● Description of the task
Your reply should repeat all records verbatim and contain no images.

● Records for processing
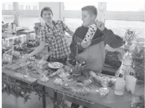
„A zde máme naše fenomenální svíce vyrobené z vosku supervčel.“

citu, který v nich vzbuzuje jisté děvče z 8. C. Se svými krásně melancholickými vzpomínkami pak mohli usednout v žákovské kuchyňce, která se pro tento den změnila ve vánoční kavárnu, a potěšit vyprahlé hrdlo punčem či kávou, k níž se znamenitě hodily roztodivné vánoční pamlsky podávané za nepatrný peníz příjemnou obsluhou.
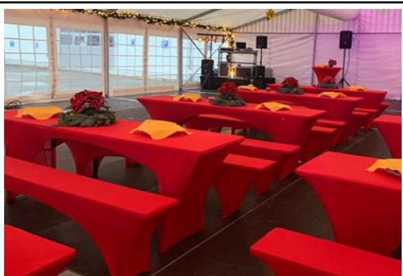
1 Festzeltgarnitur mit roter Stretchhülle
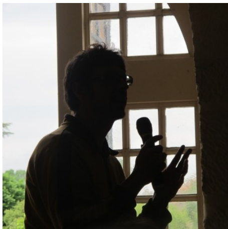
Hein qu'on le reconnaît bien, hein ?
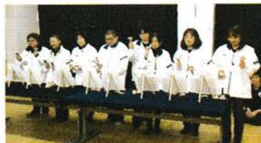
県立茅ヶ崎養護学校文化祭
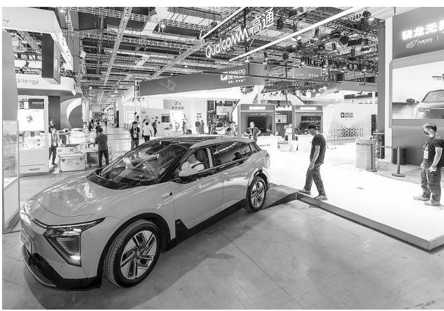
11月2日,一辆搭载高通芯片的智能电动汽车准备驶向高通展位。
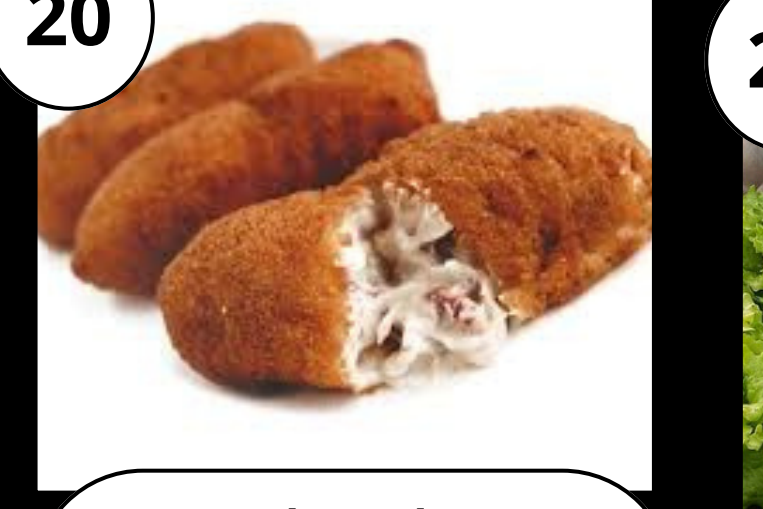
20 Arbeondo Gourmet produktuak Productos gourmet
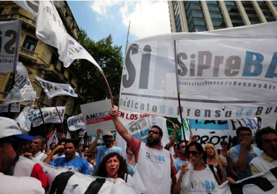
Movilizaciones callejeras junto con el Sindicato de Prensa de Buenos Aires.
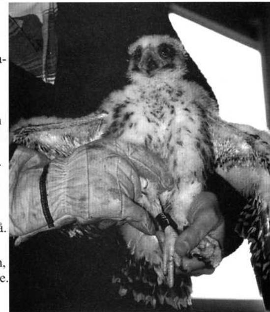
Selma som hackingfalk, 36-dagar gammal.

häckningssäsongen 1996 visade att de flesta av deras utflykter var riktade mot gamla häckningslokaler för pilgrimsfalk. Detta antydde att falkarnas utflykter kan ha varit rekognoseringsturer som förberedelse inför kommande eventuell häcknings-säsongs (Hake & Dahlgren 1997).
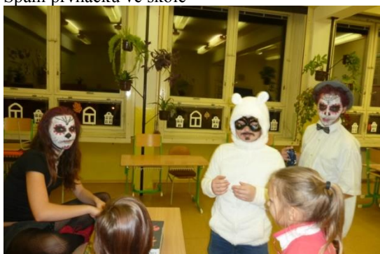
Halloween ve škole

● Answer space
„A zde máme naše fenomenální svíce vyrobené z vosku supervčel.“

citu, který v nich vzbuzuje jisté děvče z 8. C. Se svými krásně melancholickými vzpomínkami pak mohli usednout v žákovské kuchyňce, která se pro tento den změnila ve vánoční kavárnu, a potěšit vyprahlé hrdlo punčem či kávou, k níž se znamenitě hodily roztodivné vánoční pamlsky podávané za nepatrný peníz příjemnou obsluhou.
1 Festzeltgarnitur mit roter Stretchhülle
Hein qu'on le reconnaît bien, hein ?
県立茅ヶ崎養護学校文化祭
11月2日,一辆搭载高通芯片的智能电动汽车准备驶向高通展位。
20 Arbeondo Gourmet produktuak Productos gourmet
Movilizaciones callejeras junto con el Sindicato de Prensa de Buenos Aires.
Selma som hackingfalk, 36-dagar gammal.

häckningssäsongen 1996 visade att de flesta av deras utflykter var riktade mot gamla häckningslokaler för pilgrimsfalk. Detta antydde att falkarnas utflykter kan ha varit rekognoseringsturer som förberedelse inför kommande eventuell häcknings-säsongs (Hake & Dahlgren 1997).
Halloween ve škole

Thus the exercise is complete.